How was my language use?
Review Request Intensity: I want the raw truth, feel free to knock me on my back
Editing Stage: Editing - rough draft
Comments
judyanne
13 years 3 months ago
love it rula
well presented, short, to the point, but with a depth of emotion covered in both text and subtext
one small suggestion (lol suggestion only)
'After you
I'm unable
to draw a smile
or even show sorrow'
- 'show sorrow' - as you are using a writing analogy, what do you think of
'paint sorrow' or 'sketch sorrow'?
also
'My words
have no spirit in' - not particularly good grammar
- you don't need the 'in', 'have no spirit' alone works better - or you could say 'contain no spirit'
love judy
xxx
Rula
13 years 3 months ago
Your suggestion are always
Welcomed and I Love 99.9% of them..:)
I've changed to "depict" , fits?
judyanne
13 years 3 months ago
works well
:)
xxx
Ian.T
13 years 3 months ago
0.1% here lol
A lovely piece young Lady, it is un-complicated and pure in its presentation..

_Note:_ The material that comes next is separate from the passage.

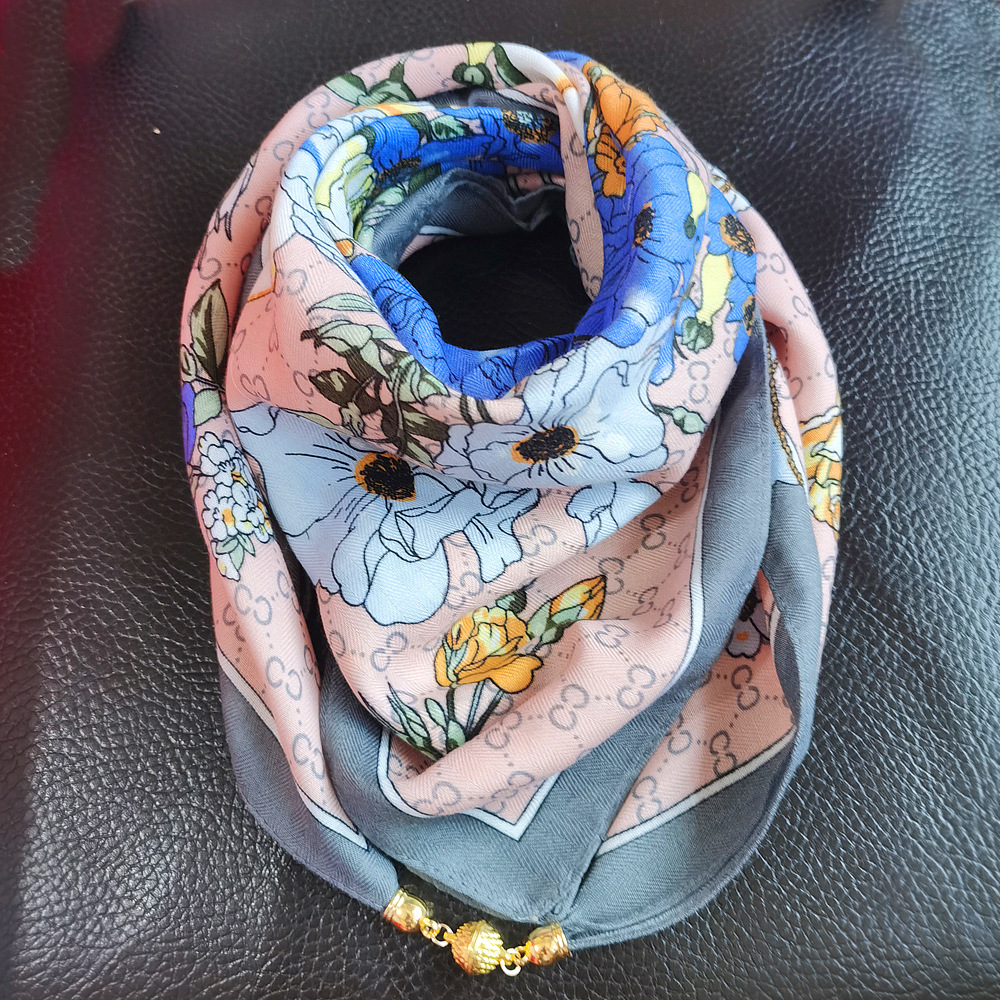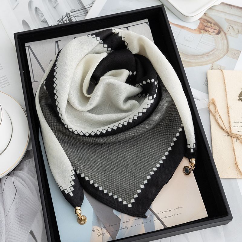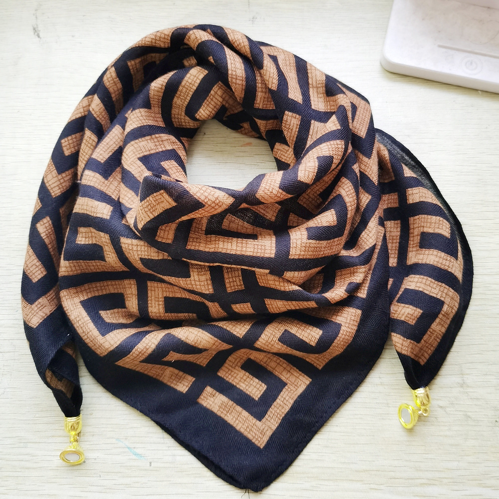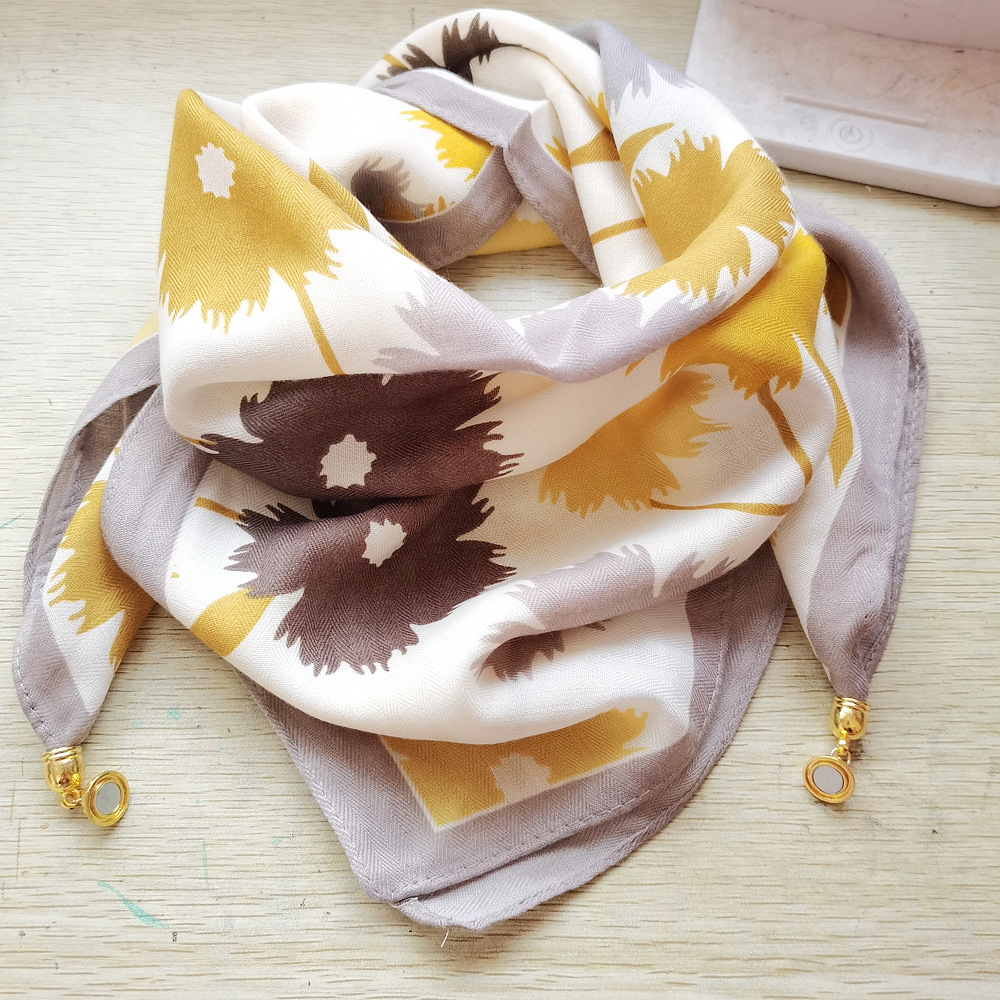 마그네틱 버클 코튼 리넨 작은 스퀘어 스카프 여성의 다기능 봄과 가을 올 매치 하이 엔드 넥 보호 작은 스카프 게으른 스카프스토어 가기

I look forward to some of your deeper pieces that will question us, and make us race on,
Yours Ian.T
Rula
13 years 3 months ago
complicated or not
It is not complication that I'm after, never had been:-)
I like to write whatever the heart
Wished others to hear
And here it is
when you go deep
Thanks dear Ian. Happy to hear from you.